The Keystone State has found itself at the center of a heated national debate over photo identification and voter fraud and was one of about 30 states to try to address the issue in recent legislation.
Photo-ID laws have been passed in at least nine states over the past two years, including Pennsylvania, according to a tally by the New York University School of Law's Brennan Center for Justice.
The most restrictive forms of those laws — those that allow voters to cast a ballot only if a government-issued photo ID, such as a driver's license, is shown — are in effect in only four states: Kansas, Tennessee, Georgia and Indiana. Kansas and Tennessee passed their ID measures recently, while Indiana and Georgia have had theirs in place for a number of years.
Pennsylvania, Wisconsin and Texas sought to join those four states in time for Tuesday's election, but their efforts were blocked in court. In the case of Pennsylvania, a judge ruled that voters without a photo ID simply didn't have enough time to acquire one before Election Day, putting the legislation on hold until 2013 at the earliest.
Pennsylvania poll workers were allowed to request photo identification from voters, but had to let them vote if they couldn't — or wouldn't — provide it.
State officials have acknowledged that they received reports of voters inaccurately being told they must present a photo ID in order to vote.

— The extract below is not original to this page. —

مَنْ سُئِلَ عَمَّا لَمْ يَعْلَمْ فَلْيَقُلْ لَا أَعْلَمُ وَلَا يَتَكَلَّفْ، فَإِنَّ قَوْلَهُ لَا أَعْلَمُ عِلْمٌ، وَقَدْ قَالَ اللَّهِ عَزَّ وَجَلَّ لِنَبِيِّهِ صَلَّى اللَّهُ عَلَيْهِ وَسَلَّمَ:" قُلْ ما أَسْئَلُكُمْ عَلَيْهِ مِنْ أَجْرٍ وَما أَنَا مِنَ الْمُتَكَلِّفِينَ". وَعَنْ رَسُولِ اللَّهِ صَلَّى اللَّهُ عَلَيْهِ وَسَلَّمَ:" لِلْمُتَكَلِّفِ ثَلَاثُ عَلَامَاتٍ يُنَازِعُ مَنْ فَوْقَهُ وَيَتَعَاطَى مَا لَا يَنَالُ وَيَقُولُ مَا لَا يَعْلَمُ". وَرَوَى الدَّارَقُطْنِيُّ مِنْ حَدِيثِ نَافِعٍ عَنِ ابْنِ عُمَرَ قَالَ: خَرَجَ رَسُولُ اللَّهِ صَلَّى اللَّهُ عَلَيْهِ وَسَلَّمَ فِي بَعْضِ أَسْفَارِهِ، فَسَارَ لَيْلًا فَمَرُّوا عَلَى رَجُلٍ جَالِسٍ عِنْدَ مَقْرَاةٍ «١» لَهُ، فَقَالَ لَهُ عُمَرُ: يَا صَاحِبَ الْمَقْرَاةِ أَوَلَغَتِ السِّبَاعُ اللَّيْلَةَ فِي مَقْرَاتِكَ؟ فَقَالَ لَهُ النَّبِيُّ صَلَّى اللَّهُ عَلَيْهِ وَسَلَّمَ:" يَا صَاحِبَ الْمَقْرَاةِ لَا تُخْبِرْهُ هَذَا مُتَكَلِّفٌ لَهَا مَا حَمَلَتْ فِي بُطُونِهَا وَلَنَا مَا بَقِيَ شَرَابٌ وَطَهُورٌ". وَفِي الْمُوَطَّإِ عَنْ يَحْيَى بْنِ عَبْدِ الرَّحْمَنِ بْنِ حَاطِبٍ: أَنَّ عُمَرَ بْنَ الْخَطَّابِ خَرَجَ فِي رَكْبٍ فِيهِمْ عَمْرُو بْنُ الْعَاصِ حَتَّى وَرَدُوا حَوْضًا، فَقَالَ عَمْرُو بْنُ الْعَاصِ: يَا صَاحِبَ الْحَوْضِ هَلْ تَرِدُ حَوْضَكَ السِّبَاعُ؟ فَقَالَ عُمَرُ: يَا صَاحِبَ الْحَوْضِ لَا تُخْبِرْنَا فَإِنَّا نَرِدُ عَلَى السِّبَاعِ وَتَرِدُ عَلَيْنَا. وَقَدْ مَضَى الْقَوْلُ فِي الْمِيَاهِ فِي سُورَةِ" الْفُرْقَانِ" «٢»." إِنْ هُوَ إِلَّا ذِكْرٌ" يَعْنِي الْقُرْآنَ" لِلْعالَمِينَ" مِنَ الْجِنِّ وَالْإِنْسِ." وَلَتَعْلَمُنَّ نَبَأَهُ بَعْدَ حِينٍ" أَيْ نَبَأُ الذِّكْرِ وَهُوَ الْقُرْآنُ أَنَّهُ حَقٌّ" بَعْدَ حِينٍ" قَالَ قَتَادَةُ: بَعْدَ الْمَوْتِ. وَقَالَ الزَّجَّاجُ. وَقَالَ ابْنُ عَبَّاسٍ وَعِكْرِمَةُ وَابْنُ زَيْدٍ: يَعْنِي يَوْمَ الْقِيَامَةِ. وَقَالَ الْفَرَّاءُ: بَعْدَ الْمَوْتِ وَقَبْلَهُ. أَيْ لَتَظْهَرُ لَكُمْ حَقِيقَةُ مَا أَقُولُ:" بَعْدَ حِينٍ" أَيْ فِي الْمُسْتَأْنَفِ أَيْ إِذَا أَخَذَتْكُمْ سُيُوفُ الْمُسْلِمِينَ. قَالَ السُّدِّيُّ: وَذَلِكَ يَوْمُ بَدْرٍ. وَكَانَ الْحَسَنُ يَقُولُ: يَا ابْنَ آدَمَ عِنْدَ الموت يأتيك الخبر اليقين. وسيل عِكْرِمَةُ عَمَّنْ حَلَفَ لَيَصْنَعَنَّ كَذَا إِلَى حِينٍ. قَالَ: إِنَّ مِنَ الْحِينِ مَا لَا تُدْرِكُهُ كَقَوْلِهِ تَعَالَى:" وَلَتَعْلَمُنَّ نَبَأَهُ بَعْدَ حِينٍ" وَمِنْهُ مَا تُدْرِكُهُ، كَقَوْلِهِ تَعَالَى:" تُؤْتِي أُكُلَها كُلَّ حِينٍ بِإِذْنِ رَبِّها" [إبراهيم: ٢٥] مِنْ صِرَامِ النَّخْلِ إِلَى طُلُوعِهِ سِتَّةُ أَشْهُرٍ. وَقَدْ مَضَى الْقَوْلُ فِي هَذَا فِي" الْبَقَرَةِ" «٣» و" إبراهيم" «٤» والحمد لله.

"We got a few scattered reports of that. We turn those over to the counties. ... We don't know what came of them. We don't know if that actually happened," said Ron Ruman, spokesman for the Pennsylvania Department of State. "Hopefully, it wasn't the case."

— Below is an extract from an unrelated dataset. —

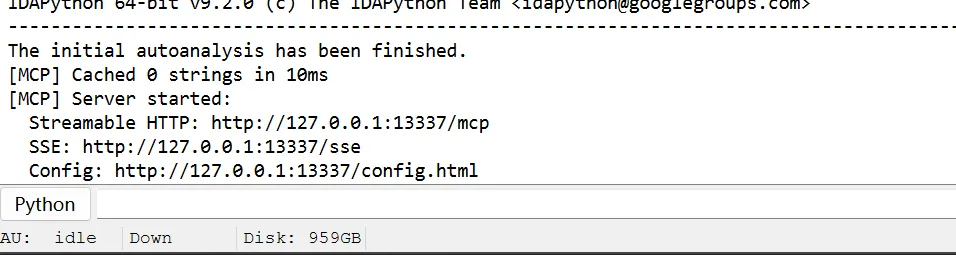 (***这个步骤连接了 MCP 与 IDA ,让 MCP 插件在本地启动服务,监听并接收 IDA 的上下文信息***)

Supporters of voter IDs in Pennsylvania and elsewhere argue that such measures are the only surefire way to stop fraud. They point to cases like the "Truth Monkey" being allowed to vote in Virginia on Tuesday despite having his face completely covered by a mask.
"That, in a microcosm, is the problem with [current] ID laws. Someone can go in with a mask and vote and not be challenged," said David Almasi, executive director of the National Center for Public Policy Research, which supports stricter voter-identification measures.
"It seems the only reason you wouldn't want to have voter-ID laws in place is if you wanted to make cheating easier," he said.
Others disagree and accuse states such as Pennsylvania of wanting to disenfranchise minority voters, who, statistics show, are much less likely to possess government-issued photo IDs.
Former Vermont Gov. Howard Dean, a favorite among liberal Democrats, took those charges a step further Tuesday, saying that voter suppression and harassment are central to the Republican strategy in key battleground states such as Pennsylvania and Ohio.
"Given the vote and the leading in the polls in Ohio, the only way [President Obama] can lose is if people are prevented from casting their ballots. Either by voting machines that aren't functioning right or other forms of harassment," he said during an interview on MSNBC.